Research Paper Volume 12, Issue 21 pp 22199—22219
Prognostic roles of metabolic reprogramming-associated genes in patients with hepatocellular carcinoma
- 1 Department of Pharmacology, School of Basic Medicine, Shanxi Medical University, Taiyuan 030001, China
- 2 Department of Endocrinology, The First Affiliated Hospital of Shanxi Medical University, Taiyuan 030001, China
Received: June 6, 2020 Accepted: August 8, 2020 Published: November 12, 2020https://doi.org/10.18632/aging.104122
How to Cite
Copyright: © 2020 Cui et al. This is an open access article distributed under the terms of the Creative Commons Attribution License (CC BY 3.0), which permits unrestricted use, distribution, and reproduction in any medium, provided the original author and source are credited.

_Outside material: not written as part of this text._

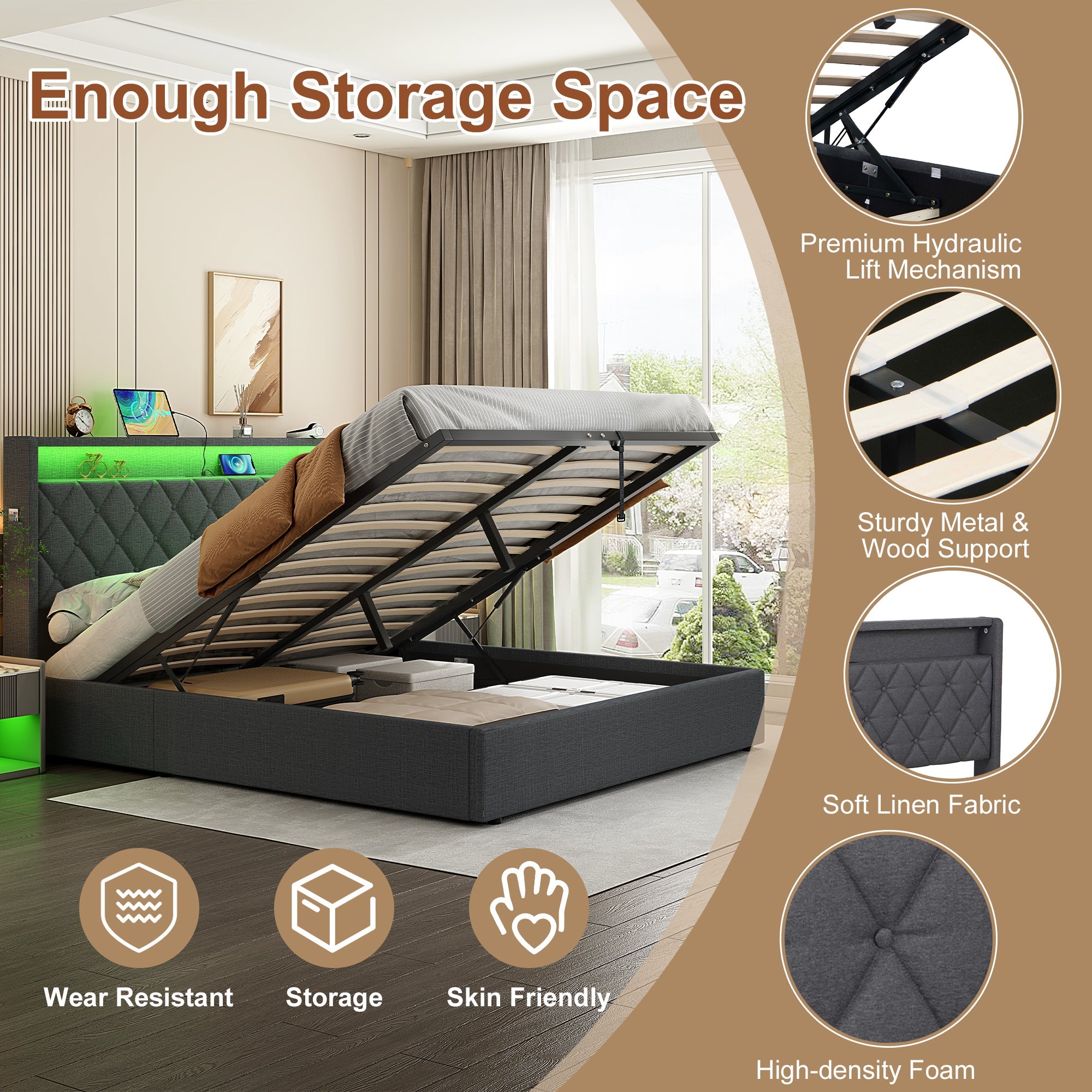 Special Features include: Ample storage space (hydraulic storage, headboard storage, and side pockets), colorful LED lighting strips, a charging station (Type-C port, USB port, and Power Outlet), wear-resistant linen fabric, and sturdy metal-wood support.

Metabolic reprogramming for adaptation to the tumor microenvironment is recognized as a hallmark of cancer. Although many altered metabolic genes have been reported to be associated with tumor pathological processes, systematic analysis of metabolic genes implicated in hepatocellular carcinoma prognosis remains rare. The aim of this study was to identify key metabolic genes related to hepatocellular carcinoma, and to explore their clinical significance. We downloaded mRNA expression profiles and clinical hepatocellular carcinoma data from The Cancer Genome Atlas database to explore the prognostic roles of metabolic genes. Five prognosis-associated metabolic genes, including POLA1, UCK2, ACYP1, ENTPD2, and TXNRD1, were screened via univariate Cox regression analysis and a LASSO Cox regression model, which divided patients into high- and low-risk groups. Furthermore, gene set enrichment analysis revealed that significantly-enriched gene ontology terms and pathways involving high-risk patients were focused on regulation of nucleic and fatty acid metabolism. Taken together, our study identified five metabolic genes related to survival, which can be used to predict the prognosis of patients with hepatocellular carcinoma. These genes may play essential roles in metabolic microenvironment regulation, and represent potentially important candidate targets in metabolic therapy.